Steve Slowick is OK with growth in South Hall County, but he favors the kind that meets, and doesn’t exceed, residents’ needs.
“Our area needs restaurants and hotels. Those things have come and flourished,” he said. “If we don’t control it, then we just become another overpopulated, overgrown metro Atlanta city.”
As head of the homeowners association in his neighborhood, Grandview Estates, Slowick took up the unsuccessful fight last week to stop a rezoning off nearby Spout Springs Road for the development of a new apartment complex.
With development or talk of growth starting to percolate after five years of economic downturn, other residents as well are starting to stiffen up, or at least cast a wary eye to what might be coming to their backyard.
Janice Stever has lived off Jim Crow Road, which runs from Flowery Branch to Lake Lanier, for about 13 years. She got a big taste of overwhelming growth when she lived for three years in Hall’s busy neighbor to the south, Gwinnett County.

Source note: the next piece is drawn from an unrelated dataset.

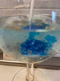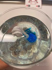 Un calice decorato con conchiglie vere appoggiate su un letto di fine sabbia bianca. Nel calice nuota una simpatica balena in vetro.

“We need to control the growth. Eventually someone is going to come in here and force it if we don’t grow under more careful planning,” she said. “Eventually, growth will happen, whether it is something we like or not.”
Before the economic woes, South Hall was rapidly becoming a bedroom community, with subdivisions dotting the landscape between Gwinnett and Oakwood.
The population surged, marked by mega-neighborhoods such as Sterling on the Lake and Reunion. Mundy Mill subdivision loomed as another large residential development on the southern tip of Gainesville at the Oakwood border.
Retail started to take shape in some corners, particularly with Stonebridge Village off Spout Springs at Interstate 985 in Flowery Branch.
As the economy foundered, both retail and residential development halted. Some officials have said that wasn’t an entirely bad thing, giving governments a chance to catch their breath and set policy to help dictate future “smart” growth.
Also, road projects began to move forward, to the dismay of some residents on Ga. 347/Friendship Road.
The Georgia Department of Transportation’s widening of Ga. 347/Friendship Road between I-985 and Ga. 211/Old Winder Highway meant the removal of homes, some of them historic, in the Friendship community. And then came a vote to eventually change the road’s name to Lanier Island Parkway.
Chris and Pam Puckett, 40-year Friendship residents and staunch opponents of the name change, believe development along the road is sure to come.
“Nobody around here wants it, nobody has asked for it,” Chris said. “A lot of this land around here is owned by families. People say they’re not going to sell, but who knows if the price gets right?”
Said Pam: “The unknown is sort of scary. You don’t know what is going to happen on (Ga. 347) after it’s finished being built.”
Stever also is following plans to widen Spout Springs Road, as someone who attends Holy Trinity Anglican Church, which sits off Spout Springs near fast-growing Braselton.
But she isn’t averse to development being stuck in neutral, either.
“In my opinion, if you don’t grow, then (the area) gets stale and people don’t want to come in, unless you’re looking for a retirement place or someplace really quiet,” she said.
Karron Denaple, owner of Lakeview Art Center off Main Street in Flowery Branch, said she particularly supports the strides Flowery Branch has taken to revive the downtown area, or “Old Town,” through a redevelopment plan.
“I think there are a lot of areas that need to be redeveloped,” Denaple said.
As for South Hall at large, “I’d like to see more development but kept in a user-friendly manner, with a lot of green space, and more homes but not crammed in together so you can reach out and touch your neighbor.
“It would be nice if they left some space.”
Joyce Healy is hoping for “planned growth” when the economy gets churning again, especially as she and her husband, Don, have retired to South Hall after moving from Tampa, Fla.
As a resident of one of South Hall’s largest subdivisions, Sterling on the Lake, she’s already seen a housing surge in her neighborhood, which sits between Spout Springs and Blackjack Road.
Like Slowick, she protested the apartment complex, seeing it as a burden on traffic and schools. She wasn’t opposed to the complex itself, just the location, saying other areas would be a better fit for such a large development.
“We know there’s going to be change, but we’re hoping it will be planned with the community in mind,” Healy said.